BACA JUGA: Iran Mandiri di Bawah Bayang-Bayang Embargo
Mengapa Pulau Kharg disebut sebagai lifeline? Jawabannya terletak pada angka yang mencengangkan: sekitar 90% ekspor minyak mentah Iran melalui pulau ini. Kharg berfungsi sebagai terminal terminal ekspor minyak terbesar dan terpenting di Iran.
Di pulau ini, terdapat infrastruktur raksasa yang menghubungkan ladang minyak di daratan (seperti di Khuzestan) dan lepas pantai melalui jaringan pipa bawah laut. Di pulau ini terdapat terminal pemuatan raksasa. Terminal ini memiliki dermaga (seperti dermaga T dan dermaga laut) yang mampu menampung banyak kapal tanker raksasa secara bersamaan.

Fasilitas penyimpanan minyak berupa tangki-tangki penyimpanan raksasa dengan kapasitas total mencapai 30 juta barel, yang berfungsi sebagai cadangan sebelum dikapalkan ke pasar global, terutama ke Tiongkok.
Terdapat tiga terminal utama: Kharg Terminal, Sea Island Terminal, dan Darius Terminal.

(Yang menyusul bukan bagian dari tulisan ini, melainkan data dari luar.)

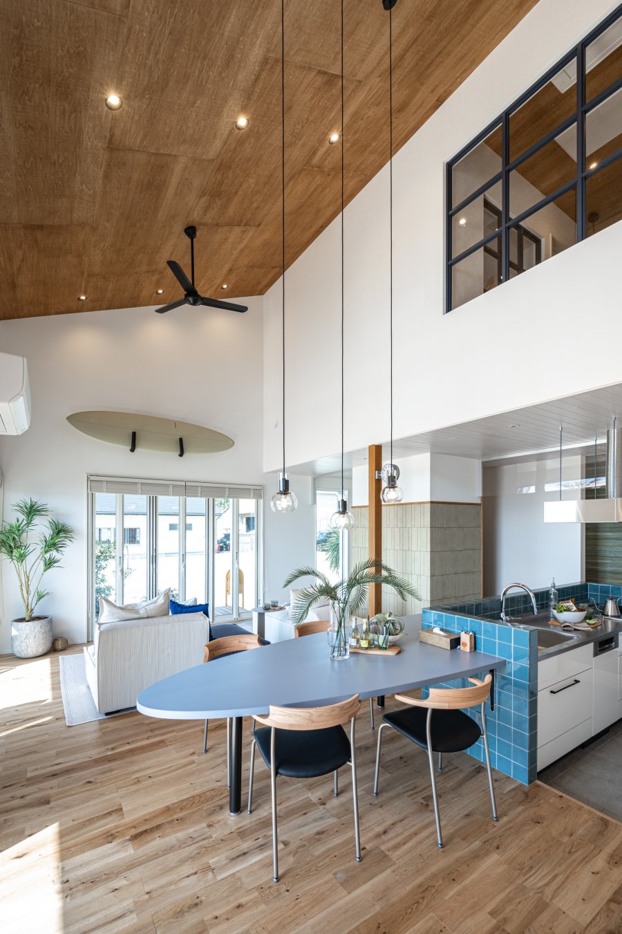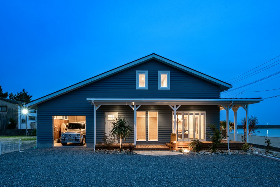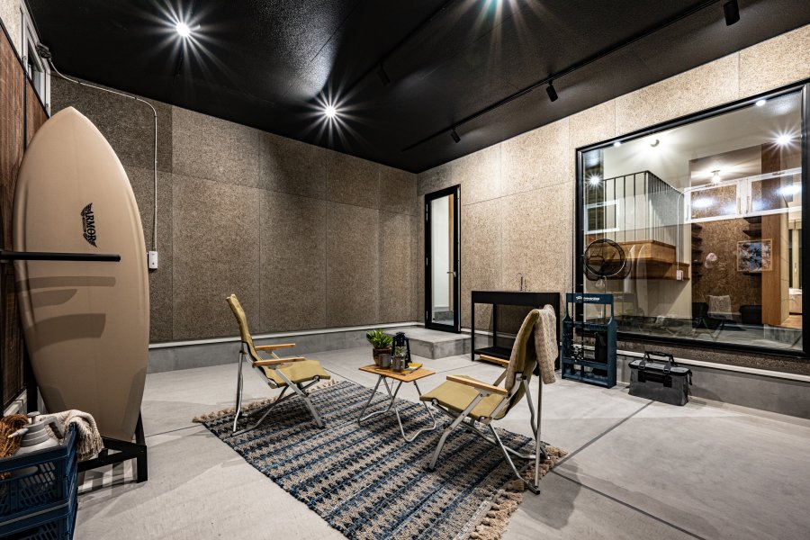 サーフィンやバイク、アウトドアを楽しめるガレージを備えた住まい。

Fasilitas ini memiliki dermaga raksasa yang mampu melayani hingga 10 kapal tanker kelas VLCC (Very Large Crude Carrier) secara bersamaan.
Pusat Pengolahan Gas dan Kimia yaitu Kharg Chemical Complex (Khemco) yang memproses gas alam menjadi produk turunan seperti sulfur dan propana.
Ada bandara internasional Kharg yang meskipun kecil, bandara ini sangat sibuk melayani penerbangan karyawan industri minyak dari dan ke kota-kota besar seperti Teheran, Shiraz, dan Bushehr.
Karena pulau ini adalah batu karang, sumber air tawar alami sangat terbatas. Pulau ini memiliki fasilitas desalinasi besar untuk menyuling air laut menjadi air layak konsumsi bagi penduduknya.
Sebagai aset paling berharga, pulau ini dijaga ketat oleh sistem pertahanan udara canggih, pangkalan angkatan laut, dan personil Garda Revolusi Iran (IRGC).
Populasi Kharg terdiri dari sekitar 8.000 hingga 10.000 jiwa, yang sebagian besar adalah pekerja sektor perminyakan dan militer beserta keluarga mereka.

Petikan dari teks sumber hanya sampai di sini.